It is given that the hypergeometric function $F(a, b ; c ; z)$ is the solution of the hypergeometric equation determined by the Papperitz symbol

$$P\left\{\begin{array}{ccc} 0 & \infty & 1 \\ 0 & a & 0 \\ 1-c & b & c-a-b \end{array}\right\}$$

that is analytic at $z=0$ and satisfies $F(a, b ; c ; 0)=1$, and that for $\operatorname{Re}(c-a-b)>0$

$$F(a, b ; c ; 1)=\frac{\Gamma(c) \Gamma(c-a-b)}{\Gamma(c-a) \Gamma(c-b)} .$$

[You may assume that $a, b, c$ are such that $F(a, b ; c ; 1)$ exists.]

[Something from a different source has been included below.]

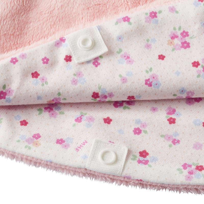 ●素材=(表地)マイクロファー 〈白・ピンク〉(裏地)40/2天竺プリント 〈ベージュ〉(フード裏)40/2天竺ボーダー、(身頃裏)40/2天竺 〈白×黄〉(フード裏)スムースプリント、(身頃裏)40/2天竺 ●品質=(表地) ポリエステル 100%、(裏地) 綿 100% ●原産国=日本

(a) Show, by manipulating Papperitz symbols, that

$$F(a, b ; c ; z)=(1-z)^{-a} F\left(a, c-b ; c ; \frac{z}{z-1}\right) \quad(|\arg (1-z)|<\pi) .$$

(b) Let $w_{1}(z)=(-z)^{-a} F\left(a, 1+a-c ; 1+a-b ; \frac{1}{z}\right)$, where $|\arg (-z)|<\pi$. Show that $w_{1}(z)$ satisfies the hypergeometric equation determined by $(*)$.

(c) By considering the limit $z \rightarrow \infty$ in parts (a) and (b) above, deduce that, for $|\arg (-z)|<\pi$,

$$F(a, b ; c ; z)=\frac{\Gamma(c) \Gamma(b-a)}{\Gamma(b) \Gamma(c-a)} w_{1}(z)+(\text { a similar term with } a \text { and } b \text { interchanged })$$